▶ INFORMATION SHOWN

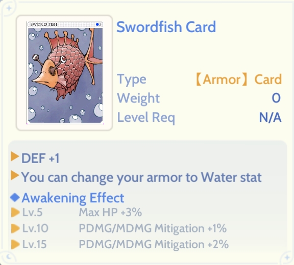 While using cards like the Swordfish Card changes your defense element.
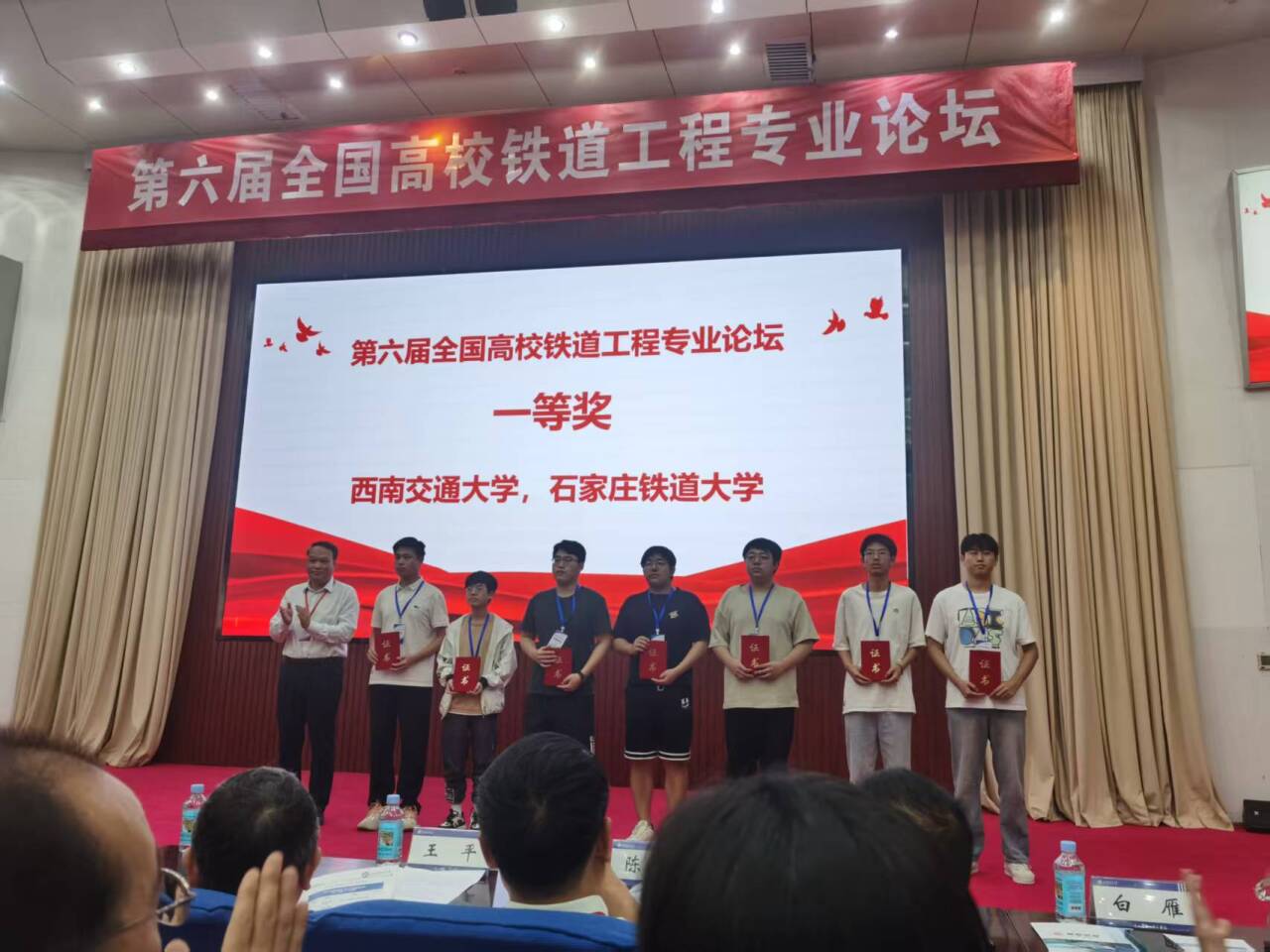 第二届全国大学生铁道工程设计竞赛于2025年7月6日在石家庄铁道大学落下帷幕,bat365中文官方网站学子再次取得优异成绩。在各位指导老师和同学们的共同努力下,参赛队伍克服重重困难,经赛务组复核、评委会评定,决赛奖答辩及加载等多个环节,最终摘得全国一等奖1项的荣誉。在整个备赛期间,参赛队伍备赛时长超200小时,各指导老师平均指导时间突破100小时,为同学们获奖打下了坚实的基础。
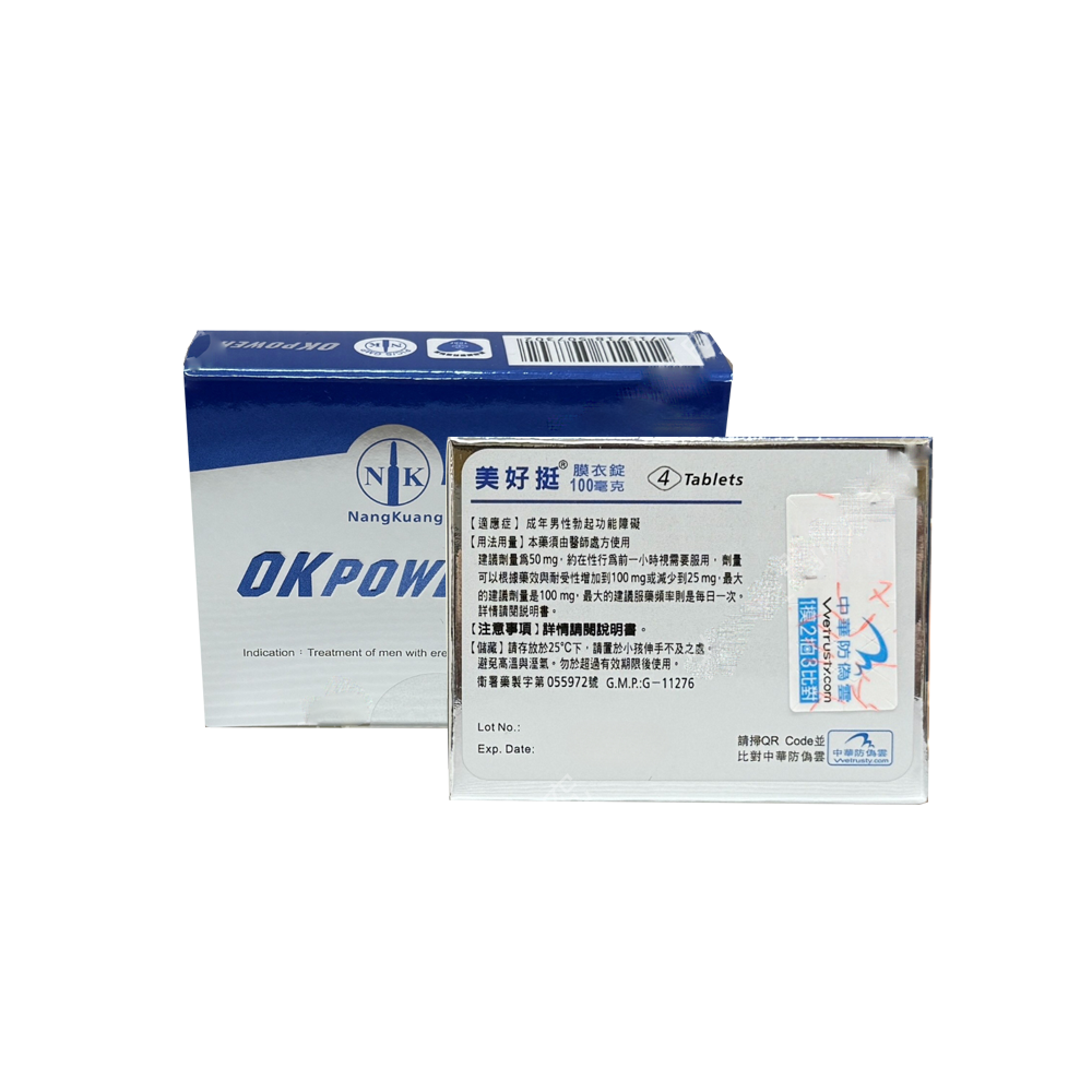 美好挺®膜衣錠 OKPOWER 100mg|強效助勃配方,重拾自信表現(1盒4錠)

▶ WHAT IS EXPECTED
The data above should be returned in full, exactly as written, apart from its images.

▶ RESPONSE TO THIS TASK
 While using cards like the Swordfish Card changes your defense element.
 第二届全国大学生铁道工程设计竞赛于2025年7月6日在石家庄铁道大学落下帷幕,bat365中文官方网站学子再次取得优异成绩。在各位指导老师和同学们的共同努力下,参赛队伍克服重重困难,经赛务组复核、评委会评定,决赛奖答辩及加载等多个环节,最终摘得全国一等奖1项的荣誉。在整个备赛期间,参赛队伍备赛时长超200小时,各指导老师平均指导时间突破100小时,为同学们获奖打下了坚实的基础。
 美好挺®膜衣錠 OKPOWER 100mg|強效助勃配方,重拾自信表現(1盒4錠)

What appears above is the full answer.